Descubren 8 nuevas variantes de Spectre en procesadores Intel, 4 de ellas críticas

En lo que parece el cuento de nunca acabar, se han detectado ocho nuevas variantes de Spectre que afectan a los procesadores de Intel en realidad. La empresa ha calificado a 4 de ellas de grado medio, pero las cuatro restantes están calificadas como críticas, es decir, son muy peligrosas e Intel ha de tomar cartas en el asunto ya.

Parecía que la historia de las vulnerabilidades Meltdown y Spectre habían dejado paso a un periodo de cierta calma, especialmente para Intel, que ha sido el fabricante de procesadores más afectado por ellas (aunque, por los resultados financieros récord del último trimestre, no parece que a los usuarios les haya importado gran cosa). Este fabricante ha estado sacando actualizaciones del microcódigo para procesadores tan antiguos como los núcleos Sandy Bridge de 2011.

Estas actualizaciones, junto con los parches del Sistema Operativo que se han sacado para Microsoft Windows, Apple MacOS y Linux, habían conseguido crear un clima de seguridad que ahora se ha roto, con el descubrimiento de las 8 nuevas variantes de Spectre para los procesadores del gigante azul. Variantes que, en algunos casos, hacen muy sencilla la instalación de los exploits en las máquinas objetivo, algo que con la variante Spectre original, no era tan sencillo de conseguir.

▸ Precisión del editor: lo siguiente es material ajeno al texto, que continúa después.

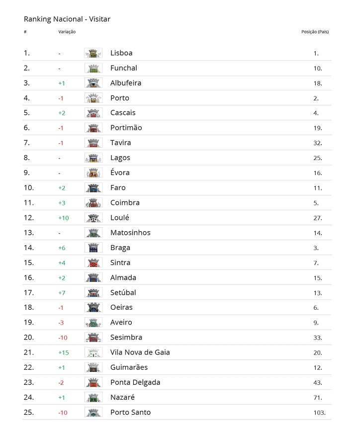 Destaque para as subidas de Loulé, devido à taxa de ocupação hoteleira, e Vila Nova de Gaia, devido ao aumento de dormidas que, com 10 e 15 posições respetivamente, ocupam lugares no Top 25 da categoria Visitar.

Las variantes de Spectre descubiertas permiten infectar a otras máquinas a través de una máquina virtual

Uno de los problemas que plantea Spectre NG (Next Generation) es que simplifica considerablemente, para el atacante, la tarea de infectar a la máquina objetivo, dado que es capaz de hacerse a través de una máquina virtual donde se instale el código que sirve para explotar la vulnerabilidad Spectre NG, y atacar al host desde un servidor que se encuentre en la nube. O atacar otras máquinas virtuales de diferentes clientes que se estén ejecutando en el mismo servidor. Por cierto, las Software Guard Extension (SGX) destinadas a proteger las contraseñas de los servidores en la nube, tampoco están a salvo de estas variantes de Spectre.

Al final, el ecosistema de procesadores actual parece más un queso de Gruyere, donde por cada agujero que consigues tapar, acaban apareciendo otros más. Esto es consecuencia de la aproximación que se ha hecho hasta el momento en cuanto a la seguridad que integran las arquitecturas internas de los procesadores, que parece que se han dejado bastante de lado, sin prestarles la atención que requieren por parte de los departamentos de diseño de las grandes empresas.

Por otro lado, sabemos que estas vulnerabilidades afectan a Intel, pero todavía no sabemos si también afectan a AMD. Siempre podría ser, dado que, si bien Meltdown afectaba a Intel en exclusiva, no sucede lo mismo con Spectre.